Found at: gopher.erb.pw:70/roman/phlog2022/298.txt

Something's wrong with the sun again

“The very existence of HFR modes and their origin is a true mystery
and may allude to exciting physics at play. It has the potential to
shed insight on the otherwise unobservable interior of the Sun,”
said Shravan Hanasoge, the paper’s co-author and astrophysicist
at NYU Abu Dhabi’s Center for Space Science. The study
(https://bit.ly/3LsG43W) was directed by researchers from NYU
Abu Dhabi’s Center for Space Science in cooperation with the Tata
Institute of Fundamental Research and NYU. Scientists originally
thought that acoustic solar waves form near the Sun’s surface,
thanks to the Coriolis effect wherein points on a rotating sphere’s
equator seem to move quicker than points on its poles. The Coriolis
effect is an apparent effect (https://bit.ly/3Lx561M) created by
a rotating frame of reference. It happens when an object moving
along a straight way is seen from a non-fixed frame of reference.

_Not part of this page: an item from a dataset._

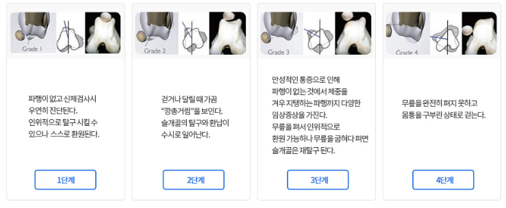 • 슬개골이 완전히 자리에서 벗어남
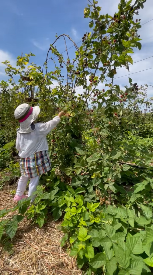 블루베리 구역으로 이동하니 엘리의 손이 더 바빠졌다. 하나는 바구니에, 하나는 입에. 어느새 입 주변이 보라색으로 물들었다.

Addressing the shortcomings in their knowledge might help the
researchers gain a better understanding of the Sun’s interior in
addition to getting a better sense of how the Sun affects Earth and
other planets in the solar system. It could also provide insight into
the same kind of high-frequency wave known as the Rossby
waves, which had been seen crossing Earth’s oceans four times
faster than current models can explain. Astronomers examine
acoustic waves (https://yhoo.it/3uEUNSC) like these for the reason
that we are still a long way from building technology capable of
peeking deep into the Sun’s interior. NASA, ESA launch solar
probes In 2018, the National Aeronautics and Space Administration
(NASA) launched the Parker Solar Probe, which was named after
the late solar physicist Eugene Parker from Florida’s space coast.
During the course of its seven-year mission, the Parker Solar Probe
will move closer to the Sun than any other spacecraft in history.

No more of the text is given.